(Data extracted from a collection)
________________

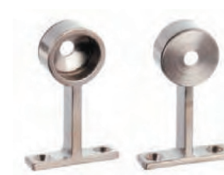
Side Support - SS
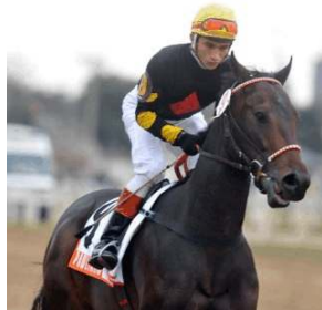
Diario La Hipica
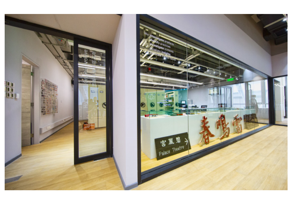
傳意設計研究中心 Centre for Communication Design

此外,HKDI校舍亦饒富特色,為學生提供互動開放的學習環境,啟發創意思維,曾獲建築殊榮。校內教學設施完備,設有媒體研究所、時裝資料館、社會設計工作室、知專設創源、設計企劃研究中心、傳意設計研究中心等,可滿足學生不同的學習需要。學院還與國內外的設計學院和業界緊密合作,為學生提供參與國際交流計劃及實踐經驗的機會,以擴闊學生視野。
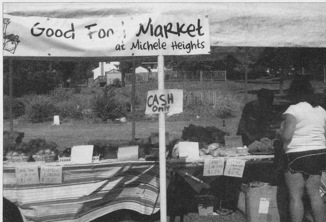
Shopping at the Good Food Market at Michele Heights.
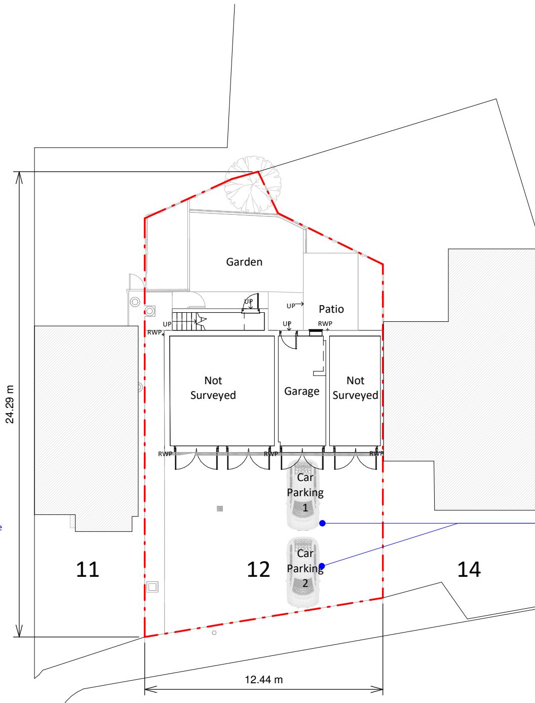
Ground Floor Plan - Proposed
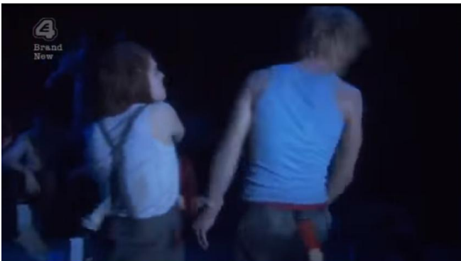
Shot 15, 41:32
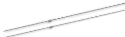
Cat. 221 OLIVE WIRE (BINET & TROCER SEAMLESS TYPE)
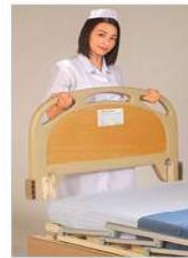
Head/foot board panel dismantle
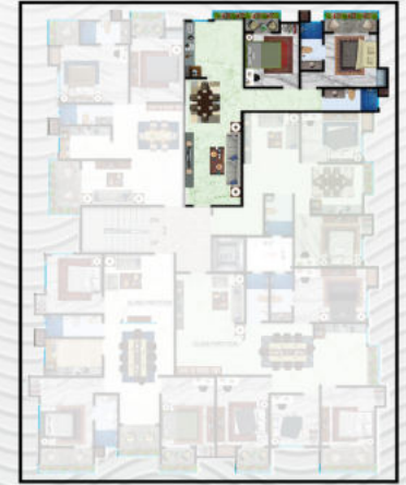
Flat - D Key Plan

________________

All entries above are to be restated exactly, with every image omitted.

Side Support - SS
Diario La Hipica
傳意設計研究中心 Centre for Communication Design

此外,HKDI校舍亦饒富特色,為學生提供互動開放的學習環境,啟發創意思維,曾獲建築殊榮。校內教學設施完備,設有媒體研究所、時裝資料館、社會設計工作室、知專設創源、設計企劃研究中心、傳意設計研究中心等,可滿足學生不同的學習需要。學院還與國內外的設計學院和業界緊密合作,為學生提供參與國際交流計劃及實踐經驗的機會,以擴闊學生視野。
Shopping at the Good Food Market at Michele Heights.
Ground Floor Plan - Proposed
Shot 15, 41:32
Cat. 221 OLIVE WIRE (BINET & TROCER SEAMLESS TYPE)
Head/foot board panel dismantle
Flat - D Key Plan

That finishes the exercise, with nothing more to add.